Today i was going to use a simple sha256 function in Hive in order to mask a column and apparently in the latest Cloudera distribution the Shipped hive version doesn’t have that native function.

This article will explain how you can build a sha256 or other udfs function and add it in Hive.

Checking Cloudera Packages Version
#

Check the following URL in order to see the latest shipped package versions in Cloudera.

CDH 5.12 -> hive-1.1.0+cdh5.12.1+1197

Return Type	Name(Signature)	Description
string	sha2(string/binary, int)	Calculates the SHA-2 family of hash functions (SHA-224, SHA-256, SHA-384, and SHA-512) (as of Hive 1.3.0). The first argument is the string or binary to be hashed. The second argument indicates the desired bit length of the result, which must have a value of 224, 256, 384, 512, or 0 (which is equivalent to 256). SHA-224 is supported starting from Java 8. If either argument is NULL or the hash length is not one of the permitted values, the return value is NULL. Example: sha2(‘ABC’, 256) = ‘b5d4045c3f466fa91fe2cc6abe79232a1a57cdf104f7a26e716e0a1e2789df78’.

Full Version

Implement UDFS
#

this will server more as an exercise, one could create a more complex udf function.
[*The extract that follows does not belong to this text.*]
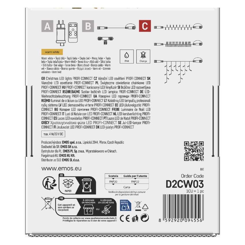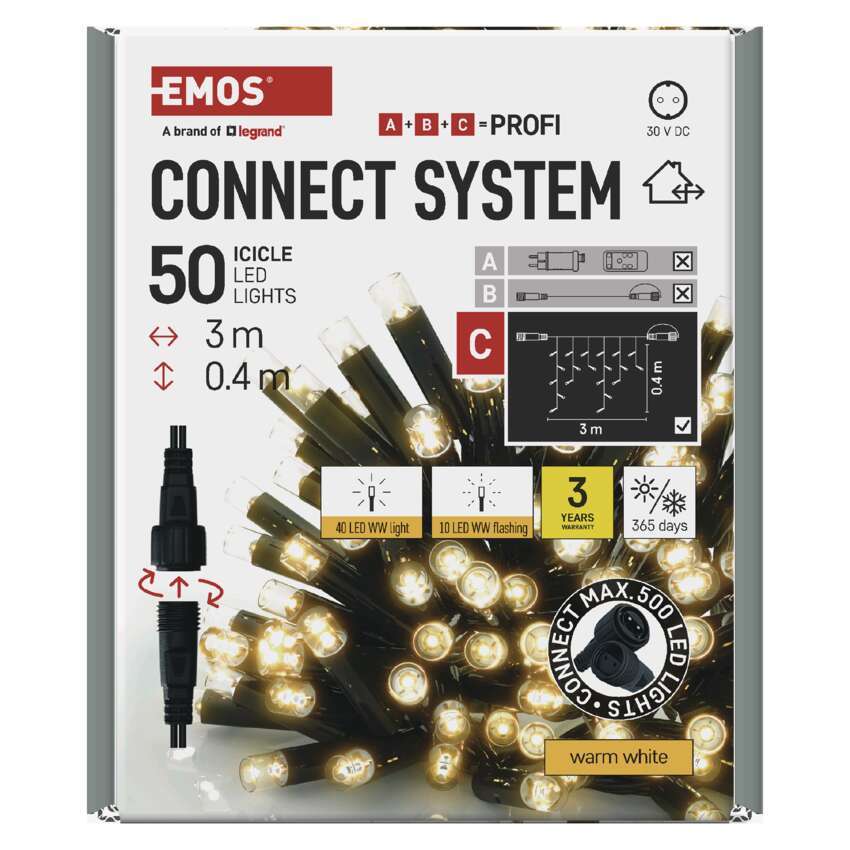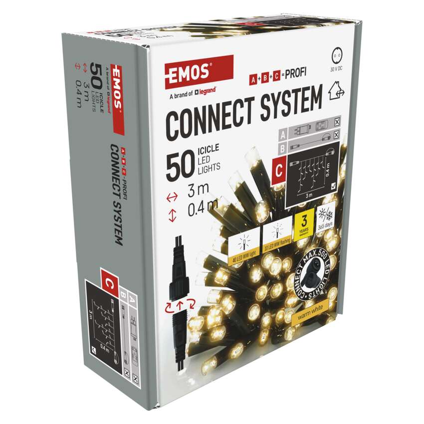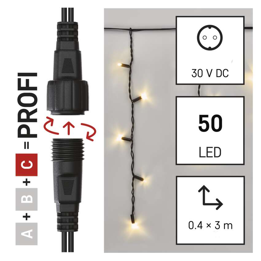 Prijungimo sistema CONNECT SYSTEM PROFI tinka naudoti tiek patalpose, tiek lauke, nes atitinka IP44 klasę. Jis pasižymi didesniu medžiagų atsparumu ir papildyta 3 metų garantija. Aukštos kokybės guminius kabelius galima montuoti ištisus metus, neišardant jų bet kokiomis temperatūros sąlygomis. Galite rinktis iš standartinių grandinėlių, stalaktitų ir klasterių. Iš vieno maitinimo šaltinio(A), prijungto prie prailginimo kabelių, skirstytuvų(B) ir LED šviesos elementai(C) gali maitinti iki 500 LED lempučių.
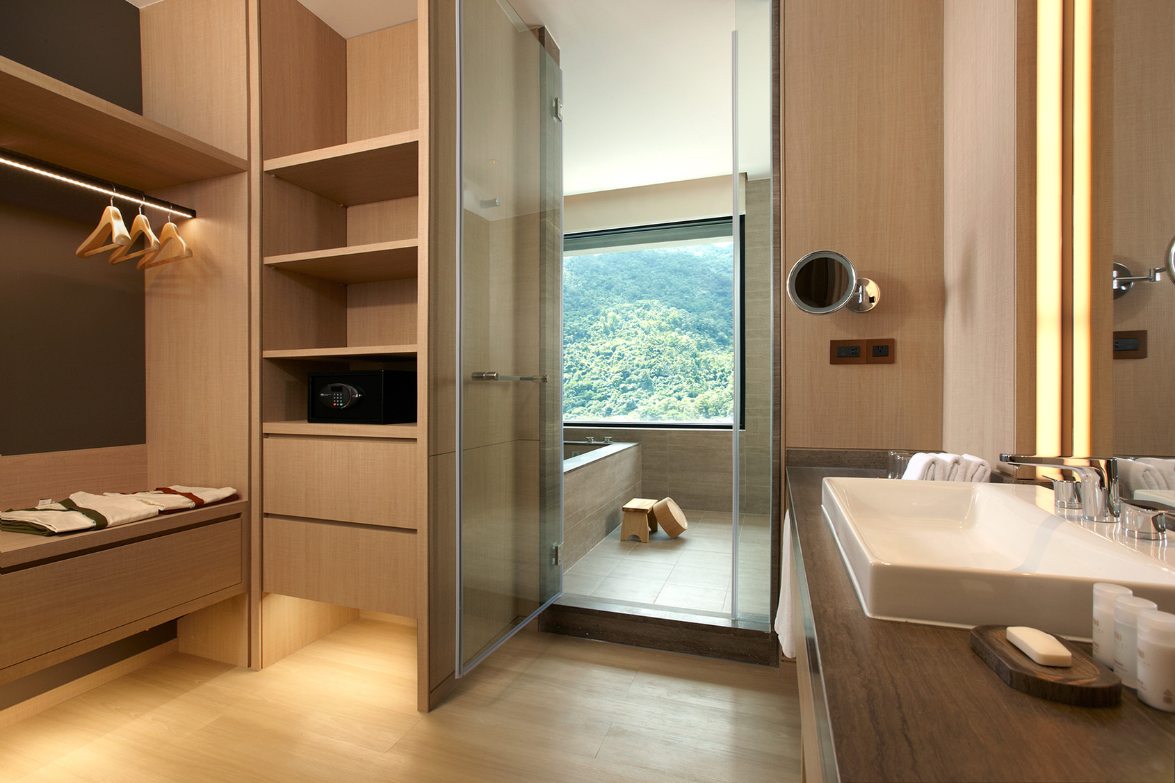 和煦陽光灑落在簡約靜謐的環境中,光影共舞讓人感受幸福的溫度,享受泡湯樂趣時,窗外雲日相輝映的美景映入眼簾,

For the time being let’s create a GenericUDFSha2 based on existing hive 1.3.0 version

You code clone my repo with some udfs-utils here

The original code for hive version 1.3.0 is available in the repo

https://github.com/apache/hive/blob/master/ql/src/java/org/apache/hadoop/hive/ql/udf/generic/GenericUDFSha2.java

Let’s create the building structure

mkdir -p GenericUDFSha2/org/apache/hadoop/hive/ql/udf/generic
cd GenericUDFSha2

Let’s create a pom.xml file

<project xmlns="http://maven.apache.org/POM/4.0.0" xmlns:xsi="http://www.w3.org/2001/XMLSchema-instance"
  xsi:schemaLocation="http://maven.apache.org/POM/4.0.0 http://maven.apache.org/maven-v4_0_0.xsd">
  <modelVersion>4.0.0</modelVersion>
  <groupId>com.rramos.bigdata.utils</groupId>
  <artifactId>GenericUDFSha2</artifactId>
  <packaging>jar</packaging>
  <version>1.0-SNAPSHOT</version>
  <name>GenericUDFSha2</name>
  <url>http://maven.apache.org</url>

  <!-- properties -->
  <properties>
    <project.build.sourceEncoding>UTF-8</project.build.sourceEncoding>
  </properties>
     
  <!-- prerequisitesprerequisites -->
  <prerequisites>
     <maven>3.0</maven>
  </prerequisites>

   <!-- Dependencies -->
   <dependencies>

    <dependency>
      <groupId>junit</groupId>
      <artifactId>junit</artifactId>
      <version>4.12</version>
      <scope>test</scope>
    </dependency>

    <dependency>
       <groupId>org.apache.hive</groupId>
       <artifactId>hive-exec</artifactId>
       <version>2.0.0</version>
    </dependency>

    <dependency>
    <groupId>joda-time</groupId>
    <artifactId>joda-time</artifactId>
    <version>2.9.3</version>
    </dependency>

  </dependencies>

  <!-- Build options -->
  <build>
   <plugins>
    <plugin>
     <groupId>org.apache.maven.plugins</groupId>
      <artifactId>maven-jar-plugin</artifactId>
      <version>2.6</version>
       <configuration>
        <archive>
          <manifest>
           <addClasspath>true</addClasspath>
           <mainClass>com.rramos.bigdata.utils.GenericUDFSha2</mainClass>
          </manifest>
        </archive>
       </configuration>
      </plugin>

      <plugin>
          <artifactId>maven-assembly-plugin</artifactId>
          <configuration>
                <archive>
                    <manifest>
                        <mainClass>
                            com.rramos.bigdata.utils.GenericUDFSha2
                        </mainClass>
                    </manifest>
                </archive>
                <descriptorRefs>
                    <descriptorRef>jar-with-dependencies</descriptorRef>
                </descriptorRefs>
           </configuration>
      </plugin>

    </plugins>
  </build>

</project>

You should obviously change for you packaging namespace, i’m just using com.rramos.bigdata.utils to be simpler.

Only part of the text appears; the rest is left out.